Provost Patrick Prendergast has hit out at the world university rankings, calling them “reductive” and insisting that Trinity is “undervalued” by their criteria.
During an address to staff and students – his last “State-of-the-College” address before the end of his term in 2020 – Prendergast defended the “paradox” of Trinity’s persistent spiral down international university rankings since the beginning of his term.
The rankings, Prendergast said, are taking time “to catch up with all we’ve done”.
He attributed this to the lack of focus by the rankings on “pluralism, sustainability, and active citizenship”.
Trinity has a threefold mission, the Provost said: education, research and “advancing the cause of a pluralistic, just and sustainable society”.
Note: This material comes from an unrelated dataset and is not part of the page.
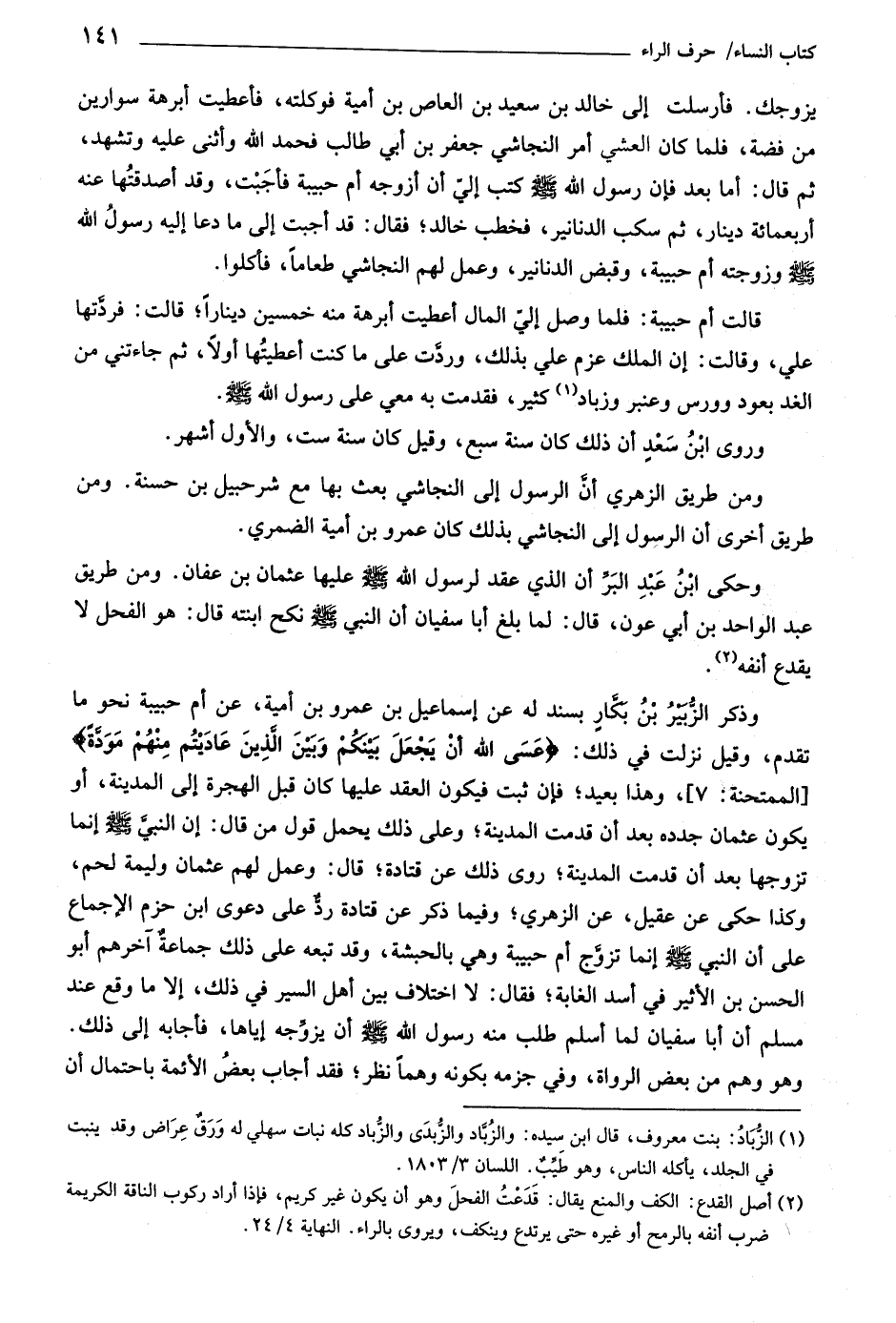 قالت أم حبيبة: فلما وصل إليّ المال أعطيت أبرهة منه خمسين دينارا، قالت: فردّتها علي، وقالت: إن الملك عزم علي بذلك، وردّت على ما كنت أعطيتها أولا، ثم جاءتني من الغد بعود وورس وعنبر وزباد «١» كثير، فقدمت به معي على رسول اللَّه صلّى اللَّه عليه وسلّم.

The Provost said other universities, which focus “too relentlessly” on rankings, lack “the societal engagement, the critical questing creativity, that we take for granted”. He said he wouldn’t like Trinity to emulate this approach. Prendergast just recently visited several universities across Asia.
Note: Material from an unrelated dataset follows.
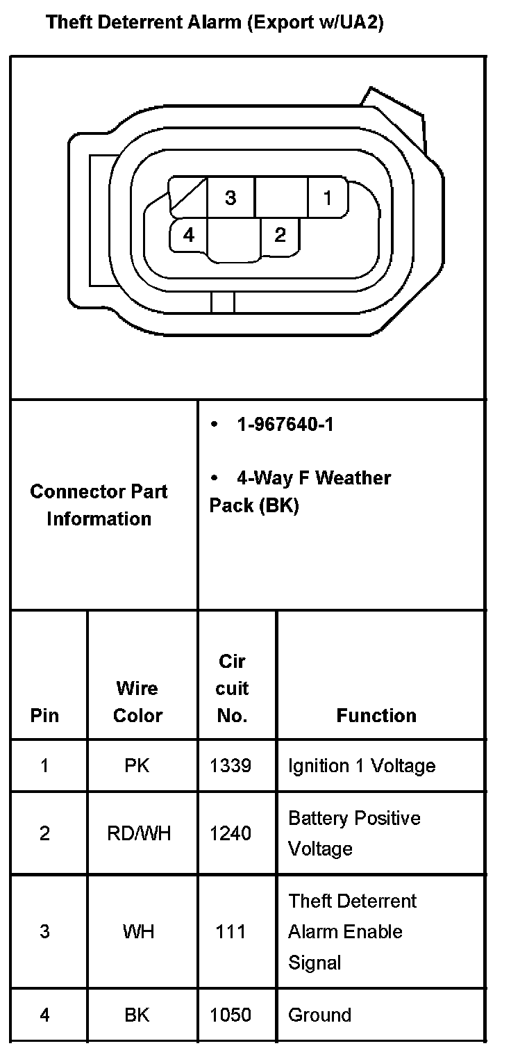 Theft Deterrent Alarm (Export With RPO Code UA2):

“I don’t really think that other universities round the world are achieving so much as to overshadow our achievements”, he said.
In his speech, Prendergast touched on developments in internationalisation, the Estates Strategy, which will see the face of the campus transformed. He also referenced the €100 million in research funding that the College won this year. In 2013, he said, “that figure was €74 million so we’ve increased our research funding by a third, in under five years”.
In June this year, Trinity fell outside the top 100 universities in the world as measured in the QS World Rankings. In September, the College slipped from 117th to 120th in the Times Higher Education rankings.